Answer: A legal battle that will cost the losing party millions.
Award winning comedian Dave Griffiths makes his Edinburgh Fringe debut with a one-man show that recounts, first hand, his experience of fighting for his right to wear and trade King Cnut Clothing against the global fashion giant French Connection.
Dave Griffiths was establishing himself on the stand-up circuit whilst building his newly founded fashion label King Cnut Clothing, when French Connection threatened him with legal action. His offence?
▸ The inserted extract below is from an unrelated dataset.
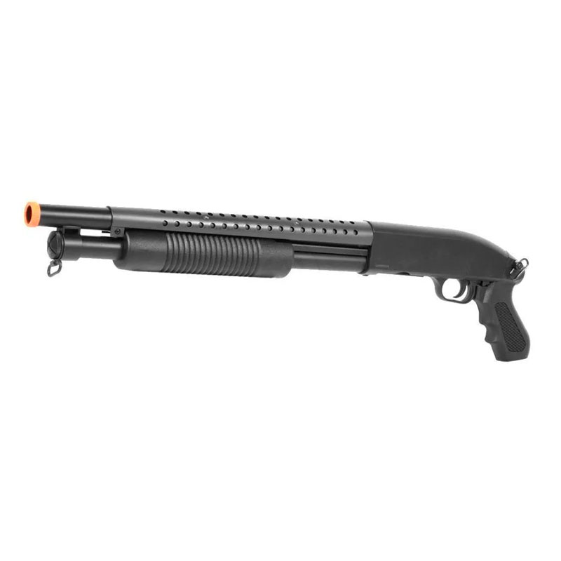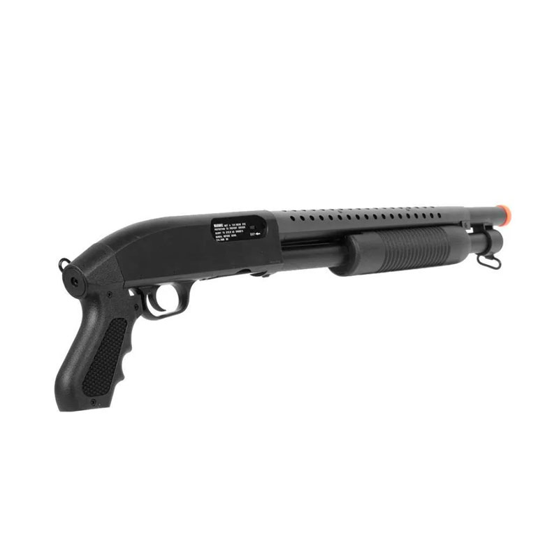 A shotgun de airsoft M58B da marca Double Eagle é a versão sem coronha da M58A e alia um baixo custo com uma ótima qualidade e acabamento. Arma de Airsoft perfeito para aquele jogo CQB. Possui sistema monotiro, ou seja, dispara apenas uma BBs por vez, com cerca de 295 fps com BBs 0,20gr. Shotgun basicamente em ABS, porem com partes em aluminio e hop up ajustável.

Wearing a T-shirt displaying an acronym which could be interpreted as a salacious word, alongside the words 'French Correctio'.
The company demanded he cease wearing the T-shirt with immediate effect and pay to them any profits gained from selling the offending item. Dave stood his ground. Some would call him foolhardy, his actions ill conceived, but for Dave it was a matter of principal. No one had the right to tell him, or anyone for that matter, what not to wear, and since when did French Connection own 'Correction', as well as every acronym? C U In Court is the incredible story of what happened next.
Truth is stranger than fiction and in the case of King Cnut v FCUK the facts take on comedic proportions. With the foresight to record every conversation and keep every written document, Dave Griffiths, the artful dodger of trademark law, presents his case to the audience. It is a story of David and Goliath proportions that begins with a letter of intimidation from one of the most reputable law firms in the world, and ends with the withdrawal of thousands of clothing lines from French Connection's stores worldwide, at a cost of millions to the company.
Dave Griffiths took his first steps as a stand-up comedian performing at open mic nights and after winning ITV's Take The Mike he gave up the day job to focus on his comedy career. Regular performances at the UK's top comedy clubs followed, and from 1998 - 2000 he was part of the writing team on Channel 4's BAFTA nominated satirical comedy series, The 11 O'clock Show, which launched the careers of Sacha Baron Cohen, Ricky Gervais and Mackenzie Crook. In addition to writing and performing, Dave is regularly invited to lecture on trademark law. He is the proud recipient of a Thames Valley Bravery Award for apprehending a robber who stole £22,000, and has climbed the Matterhorn.